** Exercise aim **
Using only the entries below, output the lines starting at the one containing "Dit wandbord is" and ending at the one containing "Arma: Byzantine Fault", exactly and inclusive of both, omitting the pictures.

** Data section **
******
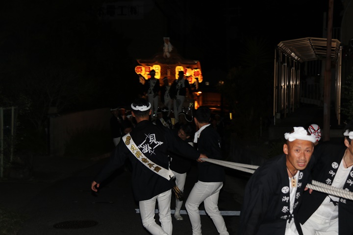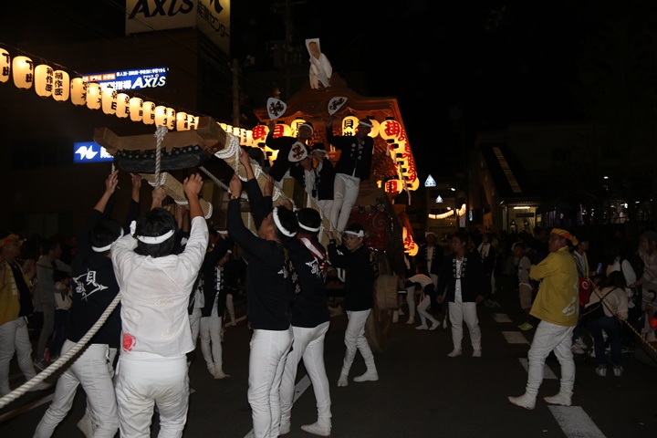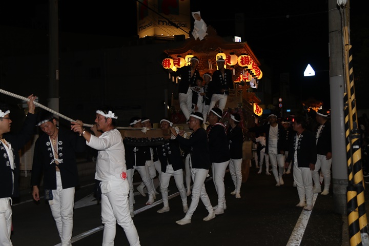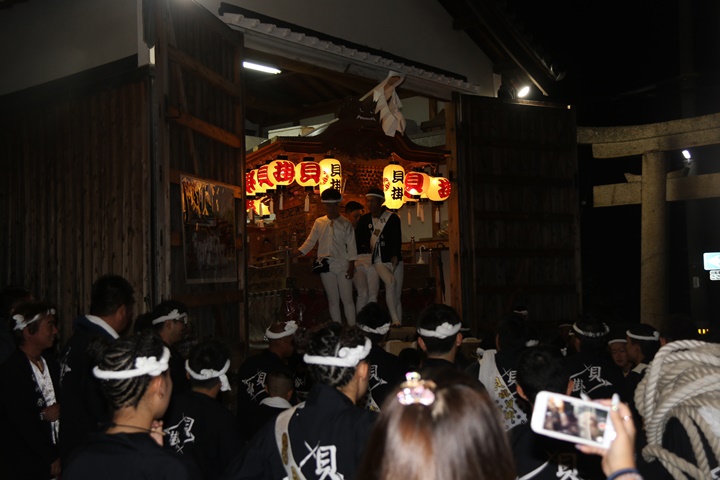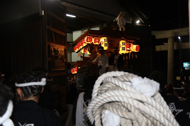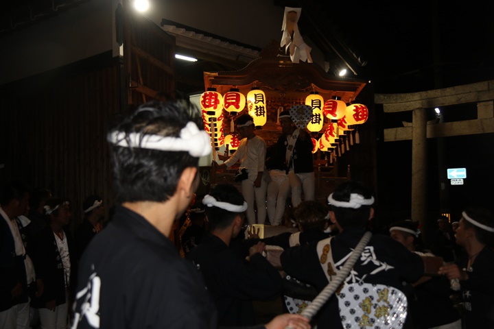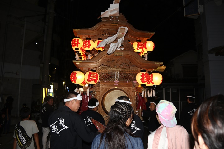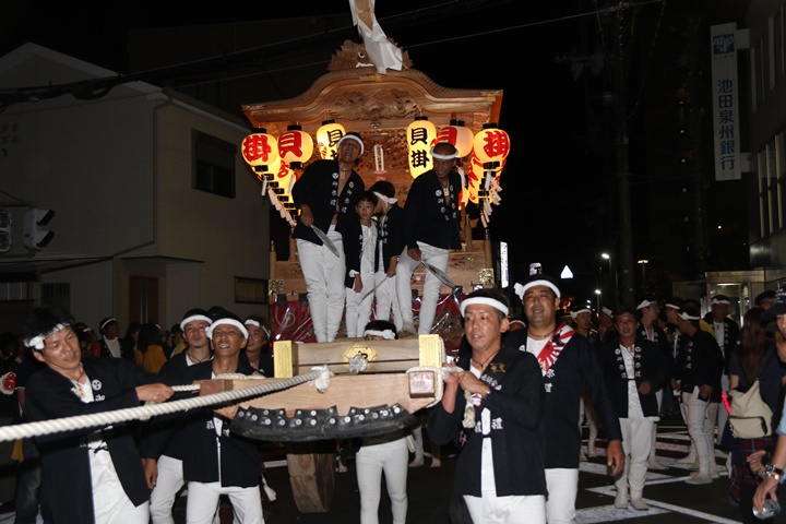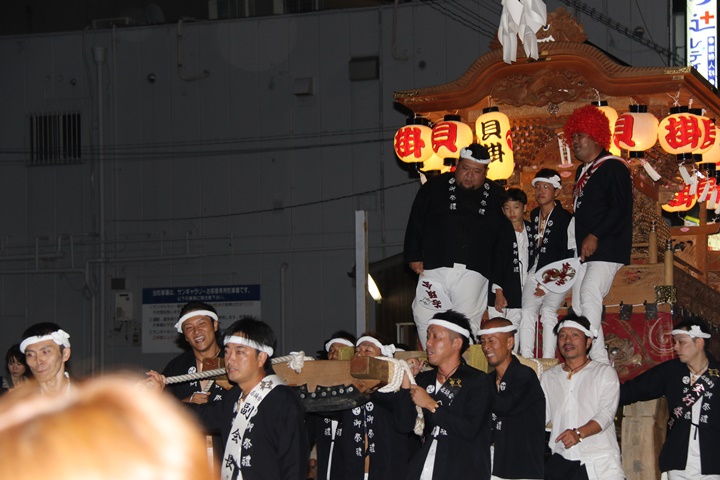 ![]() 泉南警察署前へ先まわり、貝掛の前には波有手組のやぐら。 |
******
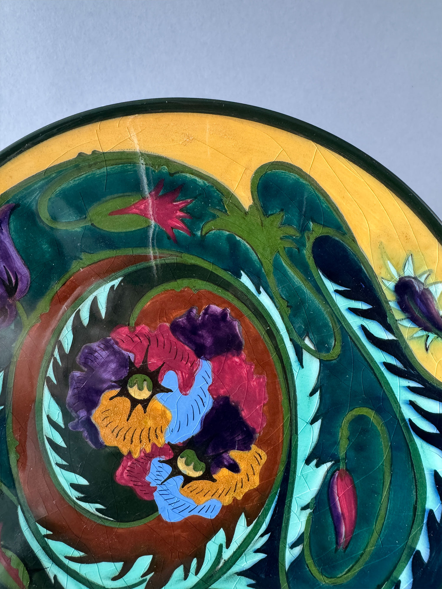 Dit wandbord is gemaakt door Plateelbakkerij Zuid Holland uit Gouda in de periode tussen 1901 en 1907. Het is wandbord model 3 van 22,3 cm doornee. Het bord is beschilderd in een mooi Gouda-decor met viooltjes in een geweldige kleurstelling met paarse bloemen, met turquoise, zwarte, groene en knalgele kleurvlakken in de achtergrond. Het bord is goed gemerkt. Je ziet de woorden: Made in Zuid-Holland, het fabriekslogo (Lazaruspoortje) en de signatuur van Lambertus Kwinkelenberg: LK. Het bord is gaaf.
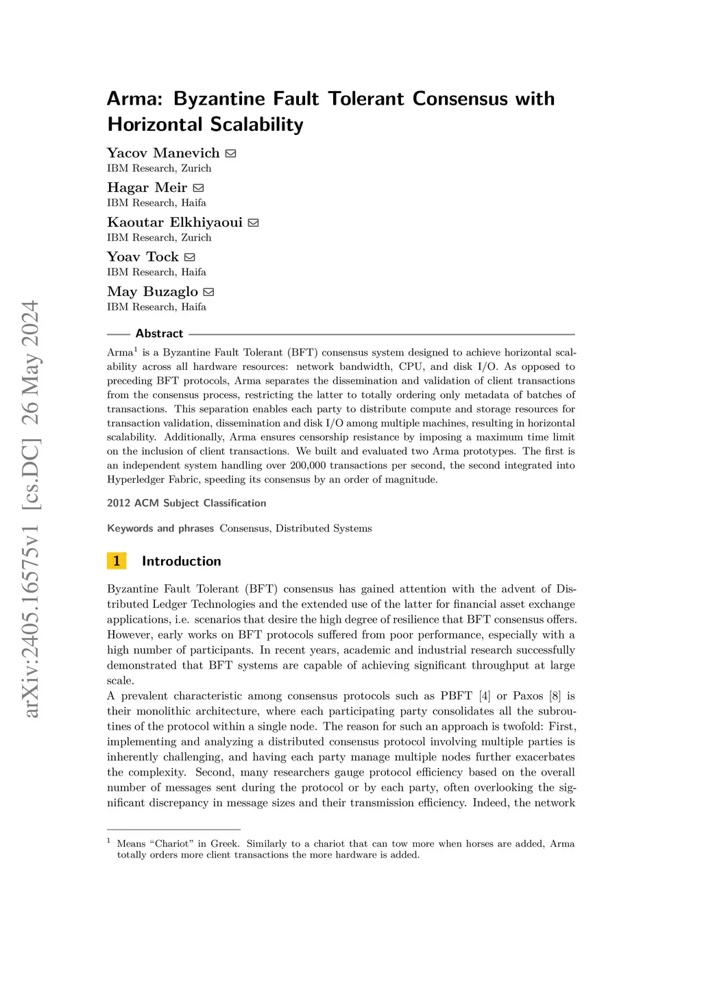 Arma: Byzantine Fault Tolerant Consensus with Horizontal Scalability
******
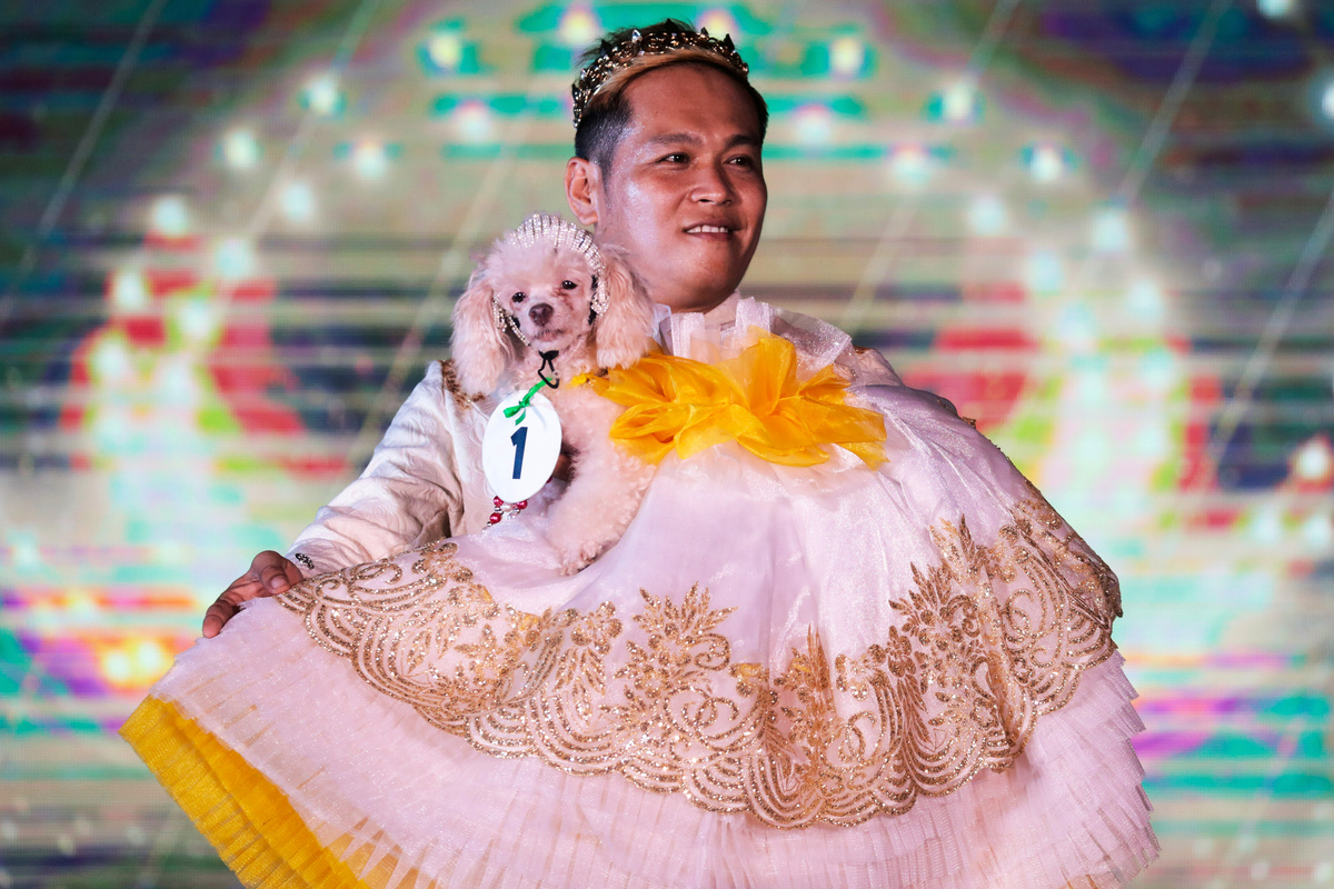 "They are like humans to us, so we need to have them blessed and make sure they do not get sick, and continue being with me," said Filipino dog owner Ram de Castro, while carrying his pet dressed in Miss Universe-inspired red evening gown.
******
** Response **
 Dit wandbord is gemaakt door Plateelbakkerij Zuid Holland uit Gouda in de periode tussen 1901 en 1907. Het is wandbord model 3 van 22,3 cm doornee. Het bord is beschilderd in een mooi Gouda-decor met viooltjes in een geweldige kleurstelling met paarse bloemen, met turquoise, zwarte, groene en knalgele kleurvlakken in de achtergrond. Het bord is goed gemerkt. Je ziet de woorden: Made in Zuid-Holland, het fabriekslogo (Lazaruspoortje) en de signatuur van Lambertus Kwinkelenberg: LK. Het bord is gaaf.
 Arma: Byzantine Fault Tolerant Consensus with Horizontal Scalability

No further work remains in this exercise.